== What is required ==
The listing that follows should be copied in full and exactly, with no pictures.

*** Recorded information Section Begins ***

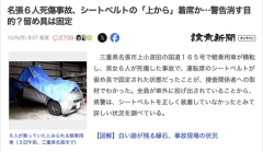 1 : 名張6人死傷事故、シートベルトの「上から」着席か…警告消す目的?留め具は固定 三重県名張市上小波田の国道165号で軽乗用車が横転し、男女6人が死傷した事故で、 運転席のシートベルトが留め具で固定された状態だったことが、捜査関係者への取材でわかった。 全員が車外に投げ出されていることから、県警は、シートベルトを正しく装着していなかったとみて詳しい状況を調べている。 捜査関係者によると、運転席と助手席では事故後も、シートベルトは留め具に差し込まれていた。 ベルトを装着していれば、事故の際に外に投げ出されることはないといい、県警は、ベルトの上からシートに腰を下ろしていた可能性があるとみている。ベルトの未装着時の警告を消そうとしたとの見方もある。 2 : 保険会社は1円も払わなくていいぞ 3 : ブルーシートの下でどんな形に変形しているんだ…
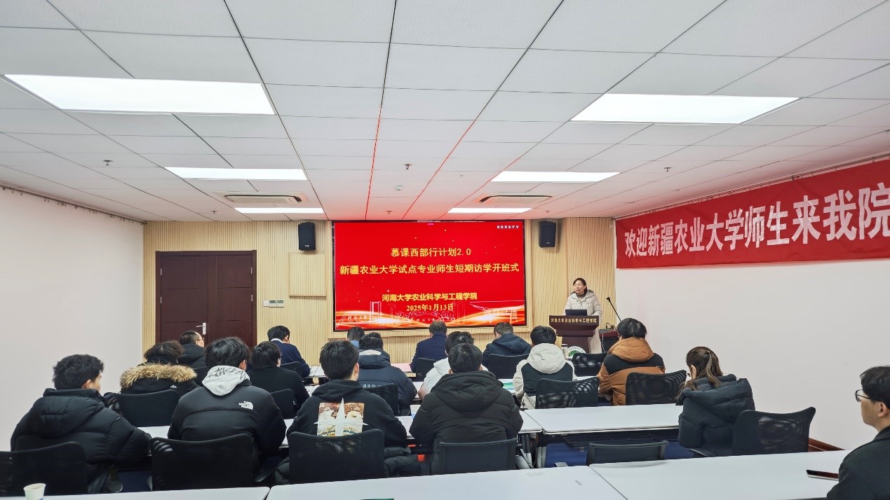 1月13日,访学团举行短期访学开班式,学院党委书记刘兴平出席活动并致辞。活动期间,同步开展了河海大学-新疆农业大学“1-1-1”本科生导师制(即1位河海大学教师、1位河海大学研究生对接1位新疆农业大学慕课西行试点专业本科生)签约仪式。
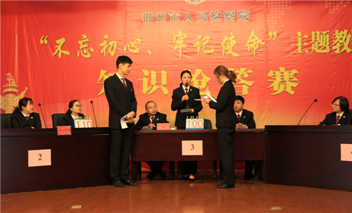 11月14日,市检察院举行“不忘初心、牢记使命”主题教育知识抢答赛,营造浓厚学习氛围,检验学习成果,让全体党员干警做到理论学习有收获、思想政治受洗礼。
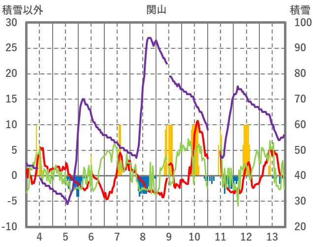 | 日 | 時 | 気温 | 降水 | 風向/風速 | 日照 | 積雪 | 降雪 |

*** Recorded information Section Ends ***

== Result of this task ==
 1 : 名張6人死傷事故、シートベルトの「上から」着席か…警告消す目的?留め具は固定 三重県名張市上小波田の国道165号で軽乗用車が横転し、男女6人が死傷した事故で、 運転席のシートベルトが留め具で固定された状態だったことが、捜査関係者への取材でわかった。 全員が車外に投げ出されていることから、県警は、シートベルトを正しく装着していなかったとみて詳しい状況を調べている。 捜査関係者によると、運転席と助手席では事故後も、シートベルトは留め具に差し込まれていた。 ベルトを装着していれば、事故の際に外に投げ出されることはないといい、県警は、ベルトの上からシートに腰を下ろしていた可能性があるとみている。ベルトの未装着時の警告を消そうとしたとの見方もある。 2 : 保険会社は1円も払わなくていいぞ 3 : ブルーシートの下でどんな形に変形しているんだ…
 1月13日,访学团举行短期访学开班式,学院党委书记刘兴平出席活动并致辞。活动期间,同步开展了河海大学-新疆农业大学“1-1-1”本科生导师制(即1位河海大学教师、1位河海大学研究生对接1位新疆农业大学慕课西行试点专业本科生)签约仪式。
 11月14日,市检察院举行“不忘初心、牢记使命”主题教育知识抢答赛,营造浓厚学习氛围,检验学习成果,让全体党员干警做到理论学习有收获、思想政治受洗礼。
 | 日 | 時 | 気温 | 降水 | 風向/風速 | 日照 | 積雪 | 降雪 |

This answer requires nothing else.